|It took a while, but the confrontation with these two farm dogs in Kansas was successfully diffused....and I lived!|
I've ridden thousands of miles of gravel in many states and I have had encounters with dogs from all over. So, I feel that I have enough knowledge of the subject that I can pass along a few tidbits that probably will come in handy for many people.
Now before I go any further, yes- I have had some really mean, nasty dog encounters. I've been cornered on a hilltop at night by an Australian Shepherd in Benton County, I've been nearly bitten by a large, black mutt in Bremer County, and I had the encounter, pictured to the left here, in Kansas last year- a Great Pyrenees and a shepherd of unknown lineage gave me no quarter. However; I can also say that I've never been bitten either. Nipped at- yes. Never bitten.
|A dog giving chase at the Renegade Gent's Race|
Don't Ride Alone: I've found many dogs, not all mind you, but many, will not give chase if there is a group of people. They will bark, come out on the road, but they aren't usually going to come after you if you are "in the herd". Generally the dog will stop at the end of its perceived territory and that will be that. But there are the occasional mutts that think the group is for play time, and the dog may follow you or even frolic around within your group. This kind of dog usually means no harm, but they are no less dangerous. They can easily cause a crash. Generally by stopping and giving a strong "Go Home!" command you can rid yourself of the unwanted companion. Or not. I've had dogs follow for miles, just happy to run. Oh well..........
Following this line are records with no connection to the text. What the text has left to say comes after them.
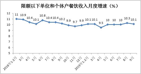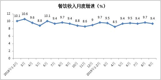 1-9月份餐饮收入实现32565亿元,累计增长9.4%,增速与1-8月份持平。其中,9月份同比增长9.4%,增速较上月放缓0.3个百分点。
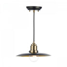The two-tone retro styled HANNOVER 1lt Pendant has a black and antique brass ceiling plate and shade.
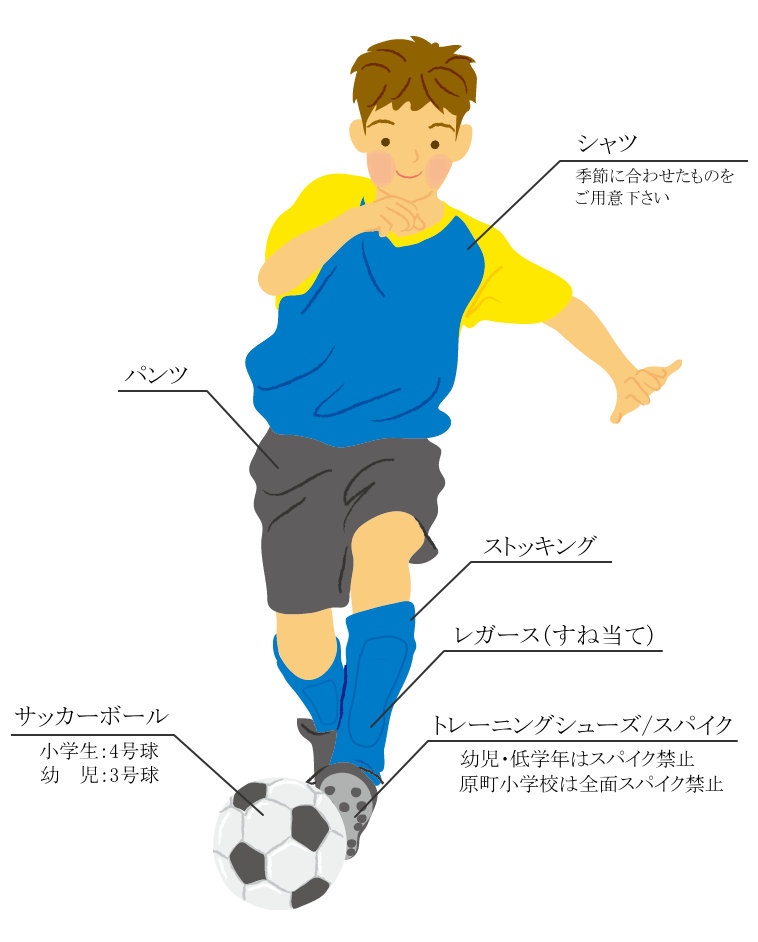 高学年(4年~6年)はサッカー用のトレーニングシューズと場合によってはスパイクをご用意ください。(紐靴は自分で結べるように自宅で練習をしてきて下さい)
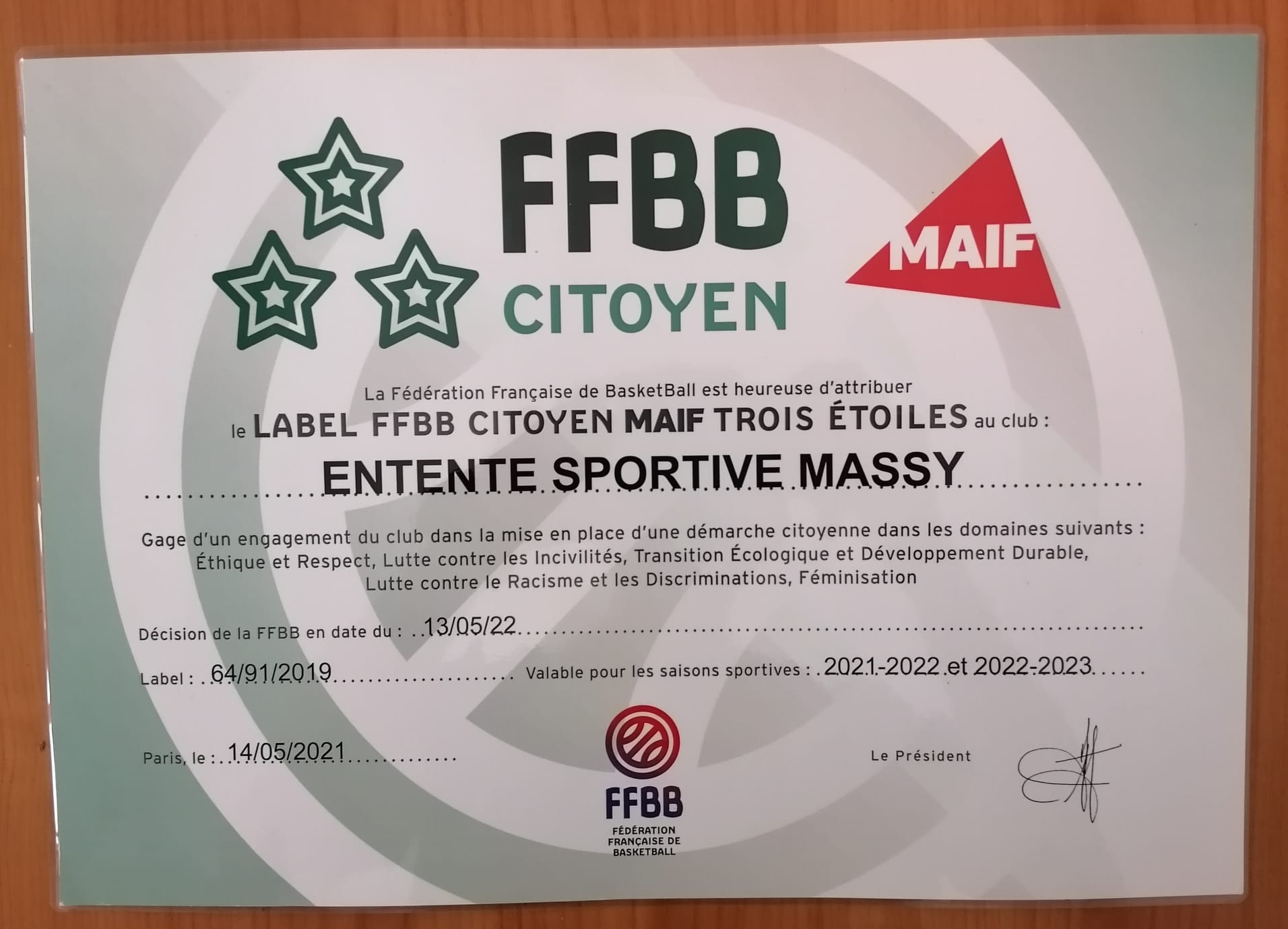 "FFBB Citoyen MAIF" Label 2022 *** 3 étoiles

Don't Be Afraid: Outwardly showing fear just seems to egg mutts onward as if they can sense that their "prey" is "on the run". Dogs are instinctual. Don't act like prey animals! Showing fear isn't helpful to your situation, at any rate. It clouds thinking and your amped up voice will, in the very least, only excite the mutt further. Be assertive, but don't be afraid. (At least until afterward!)
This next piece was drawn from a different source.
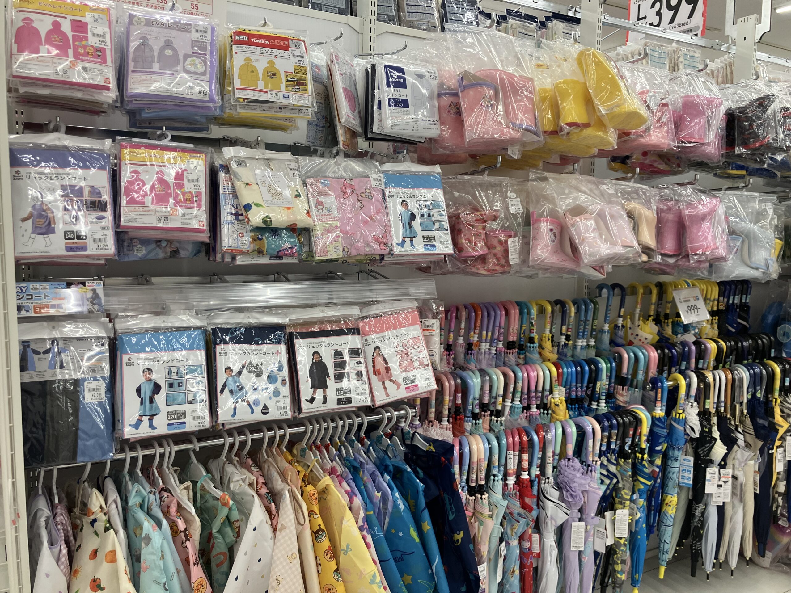 レインコートはランドセル・リュック対応のものがありました。傘も買わないと今のじゃ小さいかな・・必要な物がどんどん増えていきます。お店に来てみてよかった!そして西松屋の子育て応援価格、ほんとに助かります
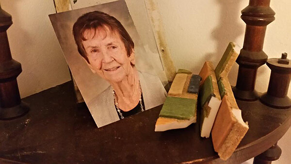 “Your mother just jumped off the shelf and shattered her frame,” sister-in-law Marge announced from the doorway.

When You Are Alone: I often ride alone, so dogs are a bit bolder when it comes to single targets. I ALWAYS scan farm yards I am approaching for movement. Dogs will try to cut you off at an angle of pursuit that intersects with your direction of travel that matches up with their speed. Go faster, you can disrupt that angle in your favor, but keep in mind- dogs are fast. Bigger dogs are faster! I've had to go at speeds of upwards of 25mph to ditch medium sized mutts. A big dog like a German Shepherd or a Pinscher can easily go faster than that for short bursts. Smaller dogs with shorter legs can even go pretty fast, so gauge your reserves and situation accordingly. Downhill with a tailwind? Outrun that dog. It's fun! I call it "Dog Sprinting". But what if you cannot outrun that mutt?
|Short legged dogs like this Corgi are easy to outrun, but watch out! They can still cause you to crash!|
I don't allow the dog the chance to intersect me in his line of pursuit. I stop immediately, get off my bike, and put the bike between myself and the charging dog. Probably 90% of the time that is all it takes. Here's an example that happened just last weekend on Aker Road.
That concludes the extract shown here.